Variable A nominal or ordinal variable. The categories of the variable will make up the columns of this table.
Profiling variables One or more variable or variable sets. These can be of any type except text.
Show index values Show column percentages and averages as a proportion of the total for the row. This is the same as shown in Displayr tables.
Shade Provides the option to color each cell based on the standardized value in the cell. The color can be applied to
-
- None No shading is applied
- Cell colors Shading is applied to the cell fill color
- Font colors Shading is applied to the text in the cell
- Arrows Shading is applied to up/down arrows next to the cell value
- Fonts and arrows Shading is applied to both the arrow and the cell text
- Boxes Shading is applied to a box drawn around the cell text. The width and corner roundness of the box can be adjusted.
- Bars Shading is applied to the bars, while the length of the bars reflects the difference between the cell value and the row mean.

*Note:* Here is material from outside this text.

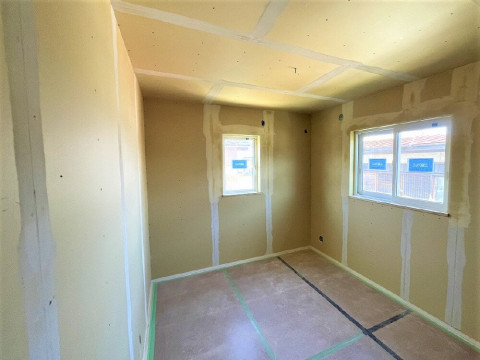 石膏ボードも貼られ、いよいよクロス工事となりますが、その前に…石膏ボードの継ぎ目をパテで埋めていきます。クロスを綺麗に仕上げるための大事な工程です!

Thresholds Values in each cell are standardized and compared against these thresholds to determine whether a cell is shaded by the color for Very small values, Small values, Large values, or Very large values. Numeric values are standardized by dividing by 2 * standard deviation as suggested by Gelman (2007). Column percentages are standardized by dividing by row totals (i.e. they are the index values).
Only shade significant results By default, cell values which are very large or small but not statistically significant will not be shaded. This may occur because there are less observations for a particular category.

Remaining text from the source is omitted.